Friday's May 5, 2006, issue of the Santa Maria Times presented an interesting commentary from Joan Leon titled County Split: No Grassroots Effort.
She begins her commentary by pointing to the example of government process in the movement of Measure D from public meetings to placement on the ballot. She cites the many public meetings, workshops, people speaking for and against, and the April 21st hearing. "All this happened before any decision was made to put the item on the November ballot," she says.
She then compares the above process to that of the proposed County Split. She mentions the original $25,000 paid by the Citizens for County Organization (CFCO) to fund an 18-page study.
Interestingly, this original study came to the conclusion that a new county would face an $11.5 million deficit and suggested raising taxes or reducing government services to overcome the deficit.
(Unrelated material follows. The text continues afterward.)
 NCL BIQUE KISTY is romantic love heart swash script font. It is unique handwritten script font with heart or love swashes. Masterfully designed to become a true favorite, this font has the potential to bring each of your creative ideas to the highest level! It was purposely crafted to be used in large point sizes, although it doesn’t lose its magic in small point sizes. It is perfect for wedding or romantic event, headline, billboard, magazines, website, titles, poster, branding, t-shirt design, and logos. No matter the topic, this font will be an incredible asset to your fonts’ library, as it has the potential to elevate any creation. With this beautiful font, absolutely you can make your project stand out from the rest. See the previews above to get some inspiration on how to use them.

Yet CFCO continued forward with a petition drive anyway. Not being able to make the signature deadline, they stopped the drive. Jim Diani, owner of A. J. Diani Company, obtained a loan of $212,500 -- "on his own personal guarantee" -- to pay for professional signature gatherers, and the petition drive was on again.
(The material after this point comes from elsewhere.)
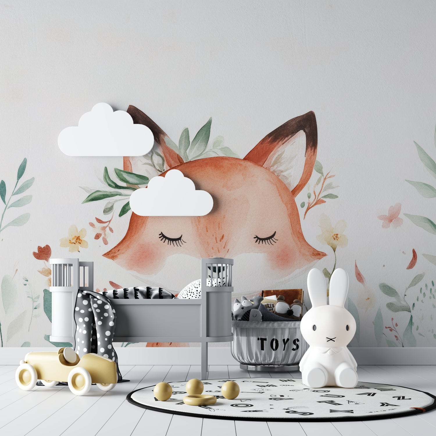 Deze betoverende vos behangmuur toont een zachte slapende vos versierd met delicate bloemmotieven en saliegroene bladeren. De aquarelstijl illustratie vangt de onschuld van het bosachtige charme met zijn zachte terracottatinten en onberispelijke witte achtergrond. Fijne botanische details en subtiele vlinders creëren een bosdieren behang dat sereniteit en natuurlijke gratie uitstraalt.

When the commission was appointed to study the feasibility of a County Split (for the second time), this new group came to the conclusion that the new county would not be facing an $11.5 million deficit -- it would be $30 million. This study had cost the county -- as of April 2005 -- $623,700.
As Leon says, "CFCO did not trust us to be involved in deciding if we needed to undertake this expensive process that is costing our county so much money. Now they are asking us to approve a new county that would begin with a huge deficit and an uncertain future.
". . . The desires of a few people is an expensive process that we are all having to pay for."